Member of Parliament
- In office 23 May 2019 – 2024
- Preceded by: Muttamsetti Srinivasa Rao
- Succeeded by: C. M. Ramesh
- Constituency: Anakapalli

Personal details
- Born: 30 April 1966 (age 59) S.Rayavaram
- Party: YSR Congress Party
- Spouse: Kandregula Vishnumurthy
- Parent(s): Jagannadha Rao, Demullamma
- Alma mater: Andhra Medical College
- Occupation: M.B.B.S, Gynecologist

= Beesetti Venkata Satyavathi =

Indian politician

Beesetti Venkata Satyavathi (born 30 April 1966) is an Indian politician from Andhra Pradesh. She was elected as a member of parliament to the 17th Lok Sabha from Anakapalli Lok Sabha constituency, Andhra Pradesh. She won the 2019 Indian general election representing YSR Congress Party.

== Early life ==
Satyavathi was born to Jagannadha Rao and Demullamma on 30 April 1966 at S.Rayavaram village in Anakapalle.
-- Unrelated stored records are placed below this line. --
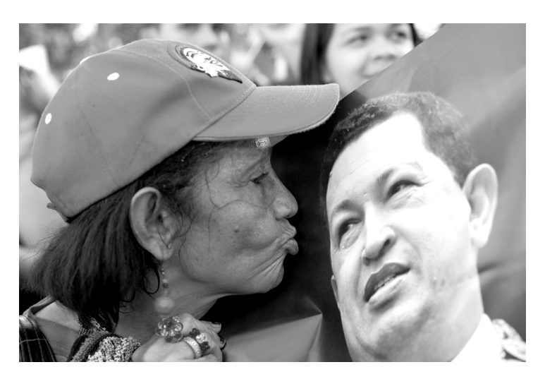
Figure 8.1 Public grief at Chávez's death

was that Maduro could not match the charisma, the communicative skill or the overt charm of his predecessor. He was quieter, more considered, and his speaking style and language were more formal, despite his working-class background.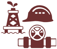
Oil, Gas and Mining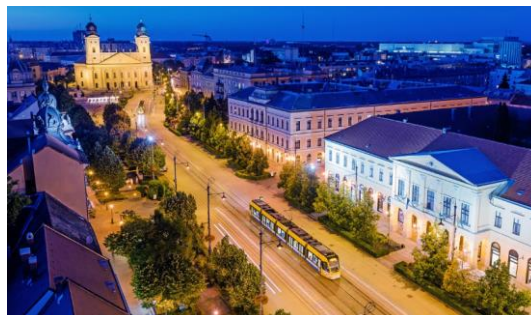
City Centre, Debrecen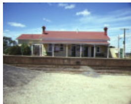
1 rosedale railway station complex willung road rosedale front view feb1985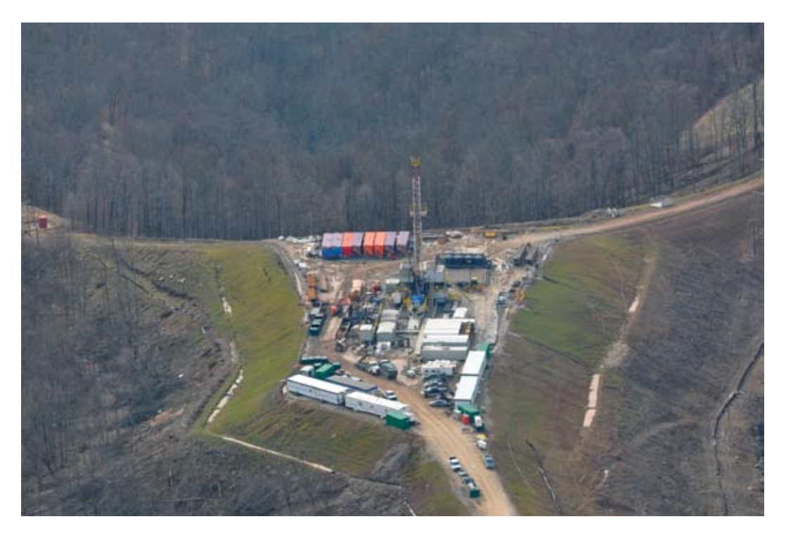
Fracking imposes a range of environmental, health and community impacts. Above, a fracking well site is built in a forested area of Wetzel County, W.Va.

draulic fracturing, to operate that well, and to deliver the gas or oil extracted from that well to market.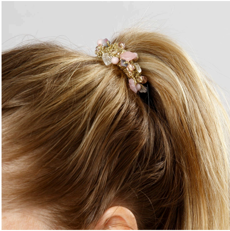
Another variant -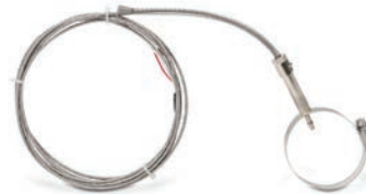
Shown with optional adjustable immersion sensor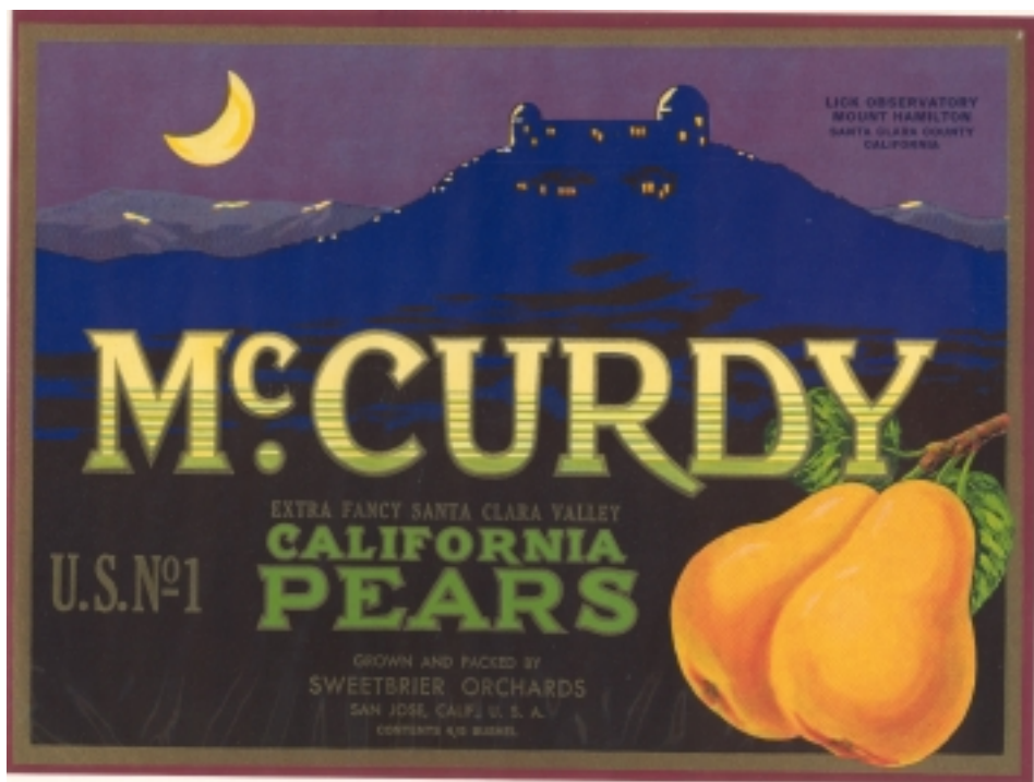
Above: a San Jose pear crate label depicting the Lick Observatory on Mt. Hamilton.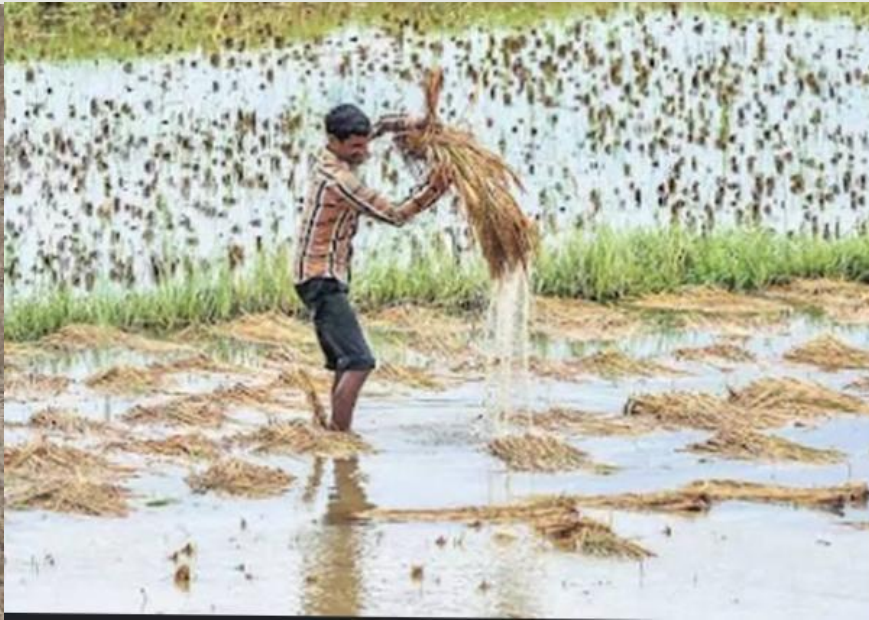
Climate induced flood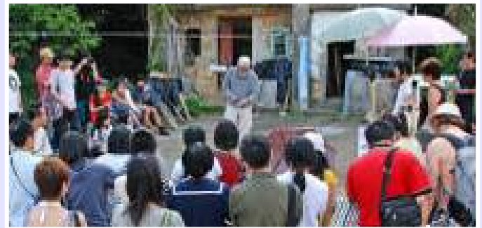
Green Job Opportunities

BoL is designed as an open community for enjoyment of the general public as well as the residents and workers there. They are free to enjoy themselves at waterfront plaza, use the road link between northern and southern part, hike on the footpath through the Conservation Corridor or on mountain trail to other parts of Lamma, swim at the public beach at Tung O Wan and admire the breathtaking view of Tung O Wan from the hill top public viewing gallery. They can take guided tour through the Conservation Corridor, attend interest classes, learn about Lamma’s natural history and human settlement, and learn how to appreciate culture and nature as well as to respect them.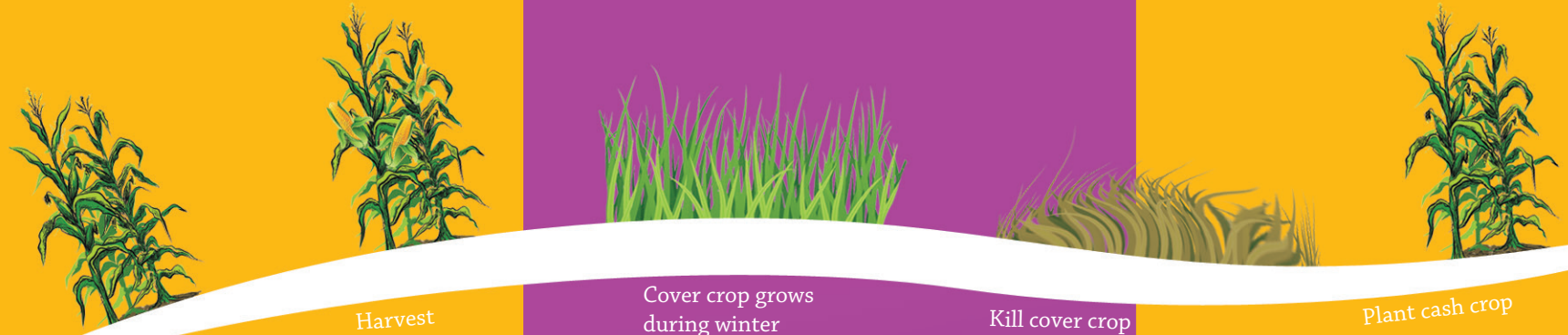
Plant cover crop before harvest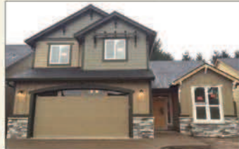
$335,900 Complete in March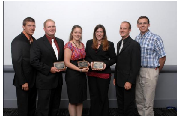
Iowa State University 2nd Place Electronic Yearbook Team 1st Place Chapter Scrapbook 1st Place Chapter Display 2nd Place Chapter Yearbook 3rd Place Website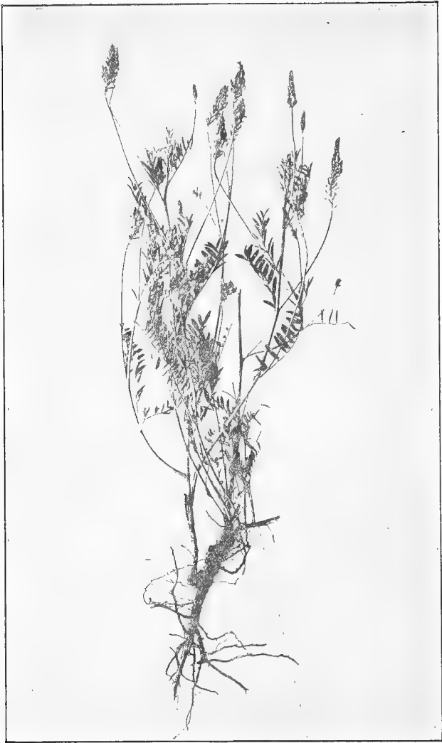
Fig. 10. Sainfoin ( Onobrychis sativa )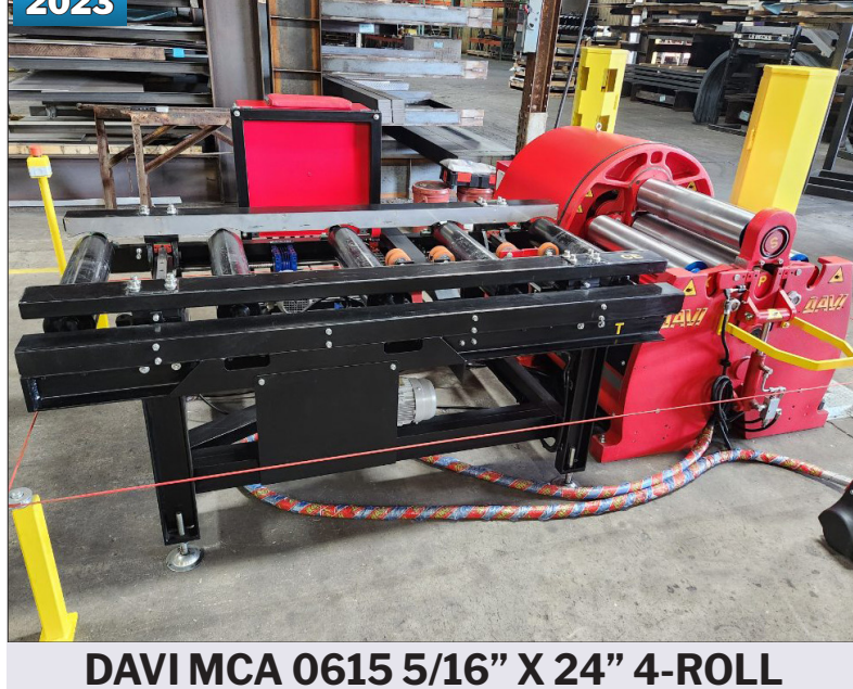
DAVI MCA 0615 5/16" X 24" 4-ROLL HYDRAULIC PLATE ROLL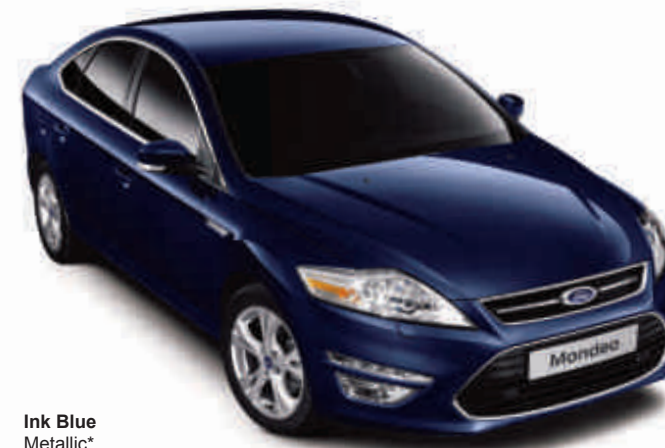
Ink Blue Metallic*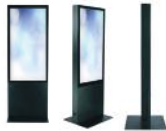
Totems TOT-XXBZ40H-IR10 TOT-XXBZ40H-CA10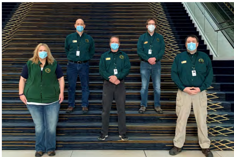
An incident management team assisting at Detroit TCF Center.

Prescribed burns were put on hold for the year but returned in spring 2021 with highly trained DNR firefighters using fire to help control invasive species, create fuel breaks to prevent large wildfires and improve habitat for wildlife.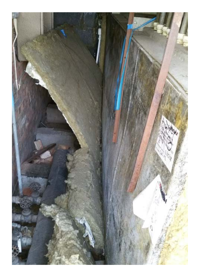
L7 - Cold water down service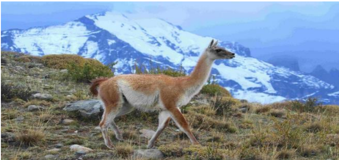
Guanaco, the Puma's favored prey, at Torres del Paine National Park

NIGHTS: Estancia El Ovejero Patagónico, Cerro Castillo, Torres Del Paine National Park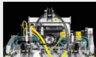
The Water Spray System (Basic & High Flow) has the dual function of cooling and mixing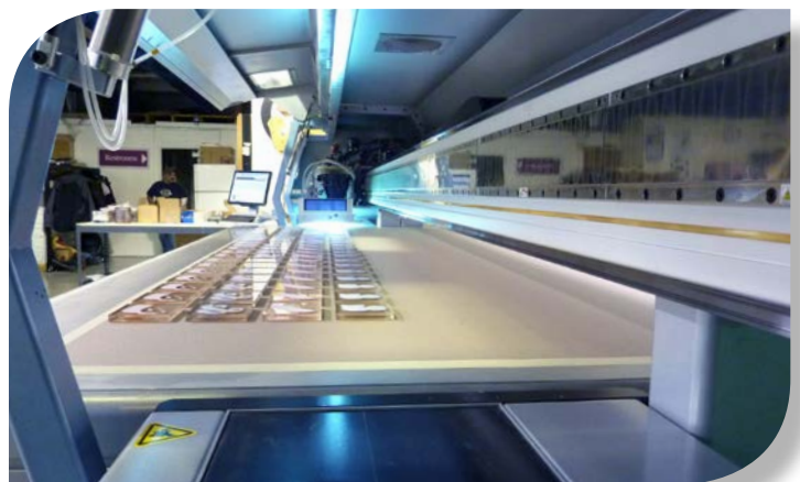
Coasters are held securely on a vacuum table during printing. Hundreds of parts are printed at the same time for maximum cost efficiency.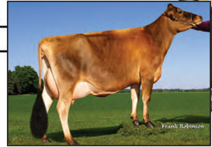
PRIMUS VICEROY CAMILLE 23108-ET Dam of Lot 101

ISDK VJ GROENBJERG HALEY HEAVY JEDNK00000304496 GT50K BBR 100 JH1F JNSF A2A2 236JE4496 CDCB GPTA S 08/01/2022 583DAUS 238HRDS 88%RIP 89%R -140M 0.28% 53F 92%ILE 89%R 0.15% 27P 561CM$ 538NM$ 384FM$ 571GM$ 2.8PL -0.8LIV 1.6DPR 1.9CCR 1.1HCR 2.73SCS 0.1MFV -0.4DAB -0.2KET -0.2MAS 0.5MET 0.1RPL -1.18HTI AJCA 08/01/2022 309DAUS GPTAT 81%R -0.3 GJUI 4.4 GJPI 83%R 132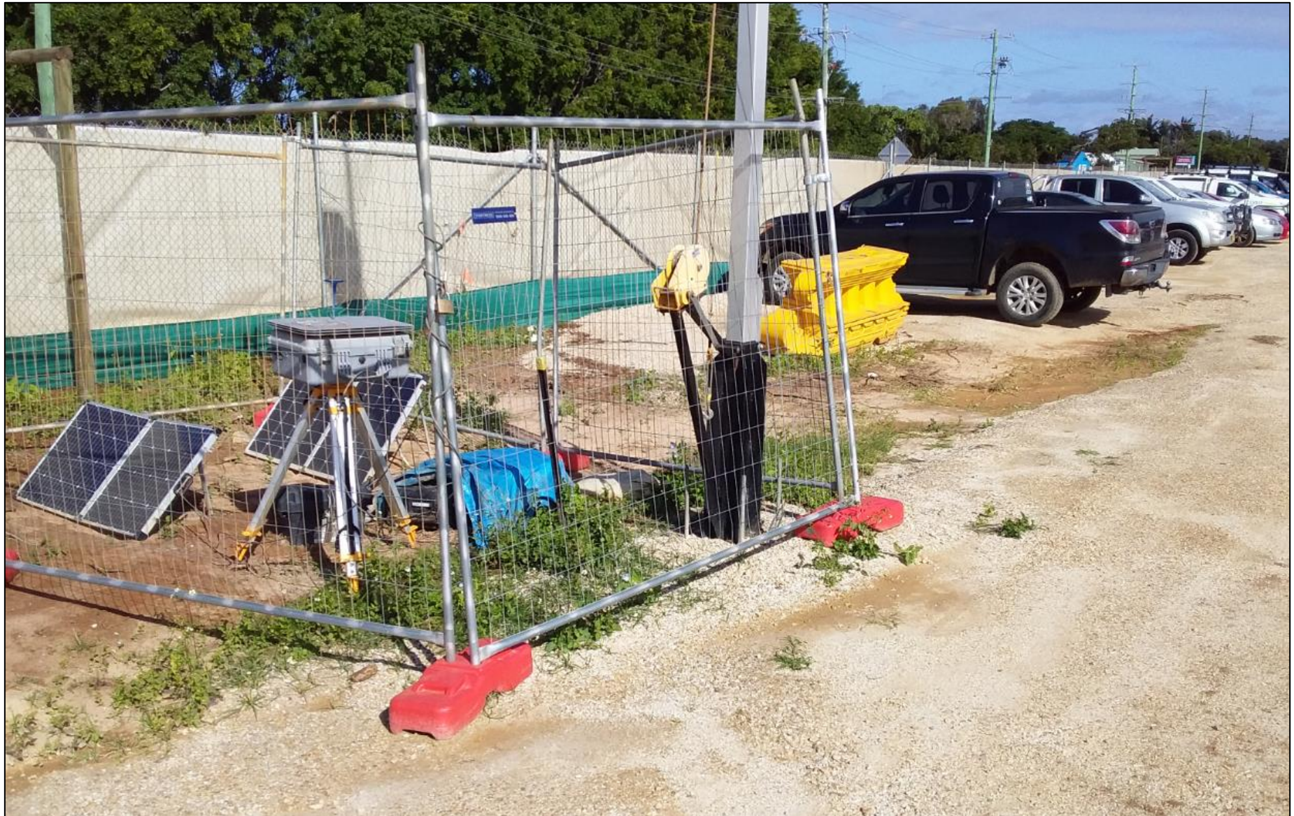
Photograph 2. Representative photo of monitoring location 002 – Central location, as observed on 18.06.2020.

Sydney Office: ADE Consulting Group Pty Ltd Unit 6 / 7 Millennium Court Silverwater, NSW 2128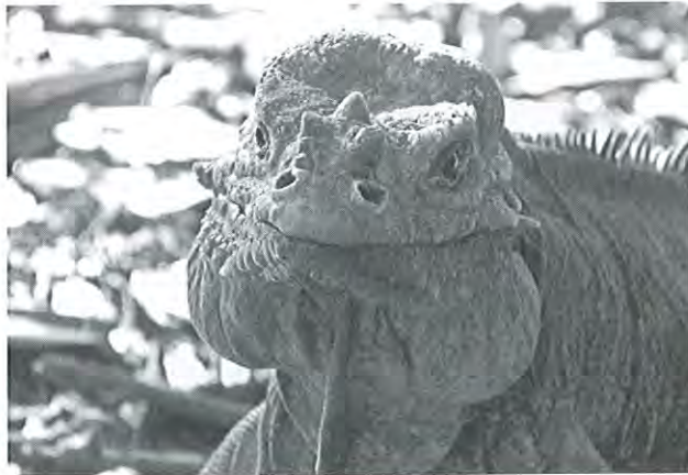
This large male was about to shed its skin.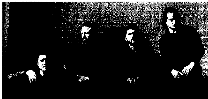
7 th TIME DOWN & FINDING FAVOUR Saturday, August 5, 2017 in the Amphitheater

Ticket Prices: $15.00 presale - $18.00 at the gate - $10.00 children 12 & under 4H Exhibitors: $2.00 – Tickets Available at the Fair Office 1 Hour Before Showtime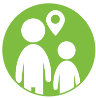
Demographics and migration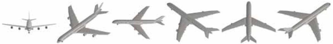
DVI-AirCon02g_015 DVI-AirCon02g_016 DVI-AirCon02g_017 DVI-AirCon02g_018 DVI-AirCon02g_019 DVI-AirCon02g_020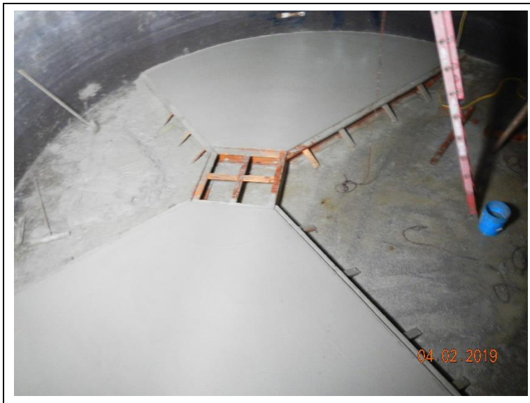
Completed pouring half of digester 5 sloping floor.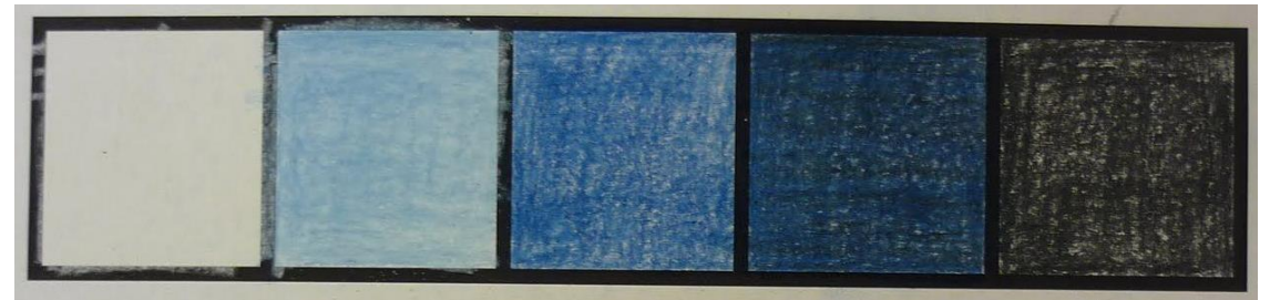
Blending and mixing with another colour, or with black.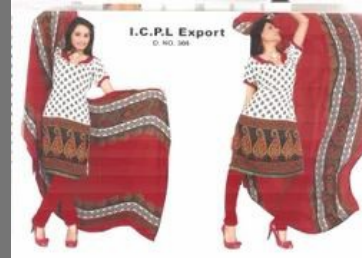
Printed Cotton Suits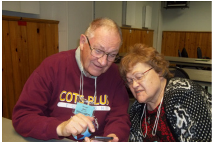
Nope...he's just programming her phone.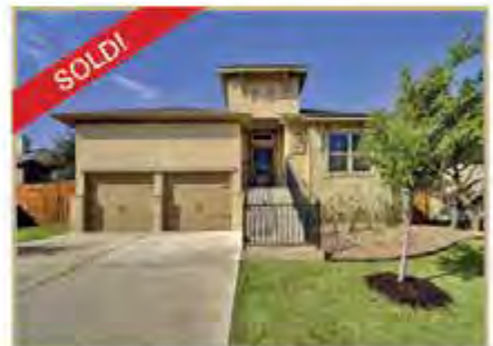
5300 BUCHANAN DRAW MULTIPLE OFFERS!

She married Kandregula Vishnumurthy of Anakapalle who owns Vivekananda hospital. She has a son who is also a doctor.

== Education and social service ==
Satyavathi did M.B.B.S. in Gynecology from Andhra Medical College at Visakhapatnam. People used to call her by the name 'Satyavathamma' for her works towards poor people as she used to charge a mere Rs.30 fee. Earlier, she worked in Anakapalli Maternity hospital from 1993 to 1999 and did many normal deliveries. In the year 2000, she and her husband Vishnumurthy started Vivekananda hospital and started charging a nominal fee of Rs.10 per patient and also started a trust named Vivekananda trust.

== Politics ==
She won as a M.P. from Anakapalli Lok Sabha constituency by defeating Adari Anandkumar by a majority of 89192 votes. She also attended parliament debates and had average of 86% which is higher than state average attendance.